Requirement
Pictures excluded, copy word for word the lines from the one holding "第一排左起:父亲朴正熙、弟弟朴志晚、妹妹朴槿令、母亲陆英修;第二排为朴槿惠" through the last line below.

Stored dataset items:
= Beginning of Section =

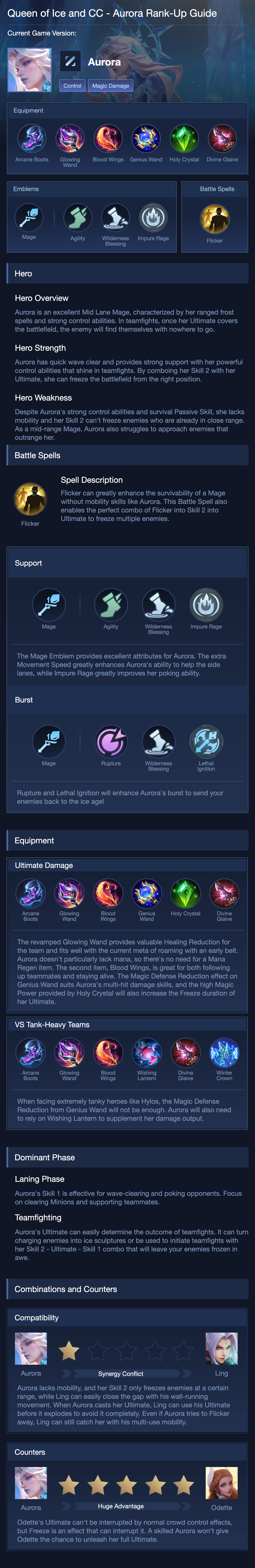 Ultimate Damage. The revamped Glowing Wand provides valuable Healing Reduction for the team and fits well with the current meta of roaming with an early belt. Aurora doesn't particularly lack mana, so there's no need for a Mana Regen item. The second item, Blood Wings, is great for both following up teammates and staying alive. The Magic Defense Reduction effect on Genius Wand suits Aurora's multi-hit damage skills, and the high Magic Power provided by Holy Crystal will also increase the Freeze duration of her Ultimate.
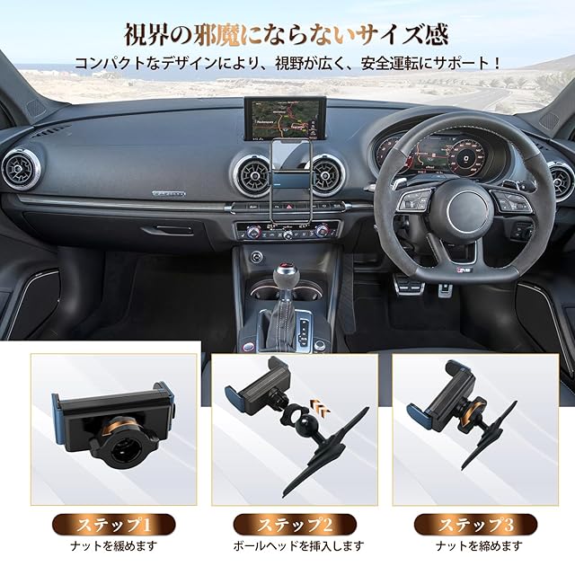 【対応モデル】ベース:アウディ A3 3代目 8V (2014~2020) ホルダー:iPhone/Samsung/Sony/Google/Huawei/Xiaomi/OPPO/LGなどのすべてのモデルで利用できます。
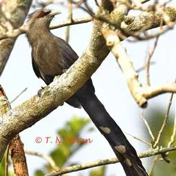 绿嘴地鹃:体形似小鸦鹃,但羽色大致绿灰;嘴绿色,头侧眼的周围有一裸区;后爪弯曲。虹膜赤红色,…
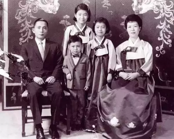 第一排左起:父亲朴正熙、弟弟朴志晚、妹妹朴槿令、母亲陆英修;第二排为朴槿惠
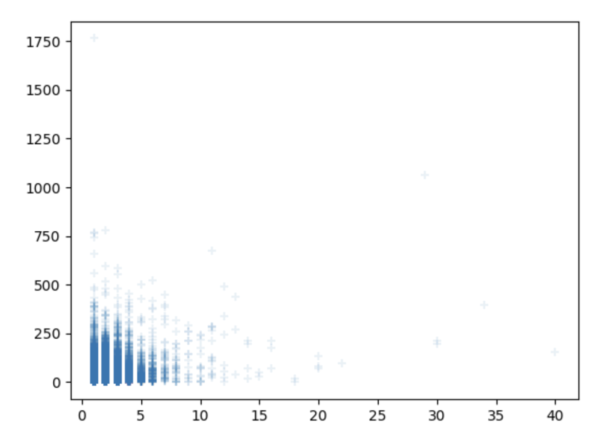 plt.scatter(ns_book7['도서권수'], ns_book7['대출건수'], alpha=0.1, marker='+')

= End of Section =

Response
 第一排左起:父亲朴正熙、弟弟朴志晚、妹妹朴槿令、母亲陆英修;第二排为朴槿惠
 plt.scatter(ns_book7['도서권수'], ns_book7['대출건수'], alpha=0.1, marker='+')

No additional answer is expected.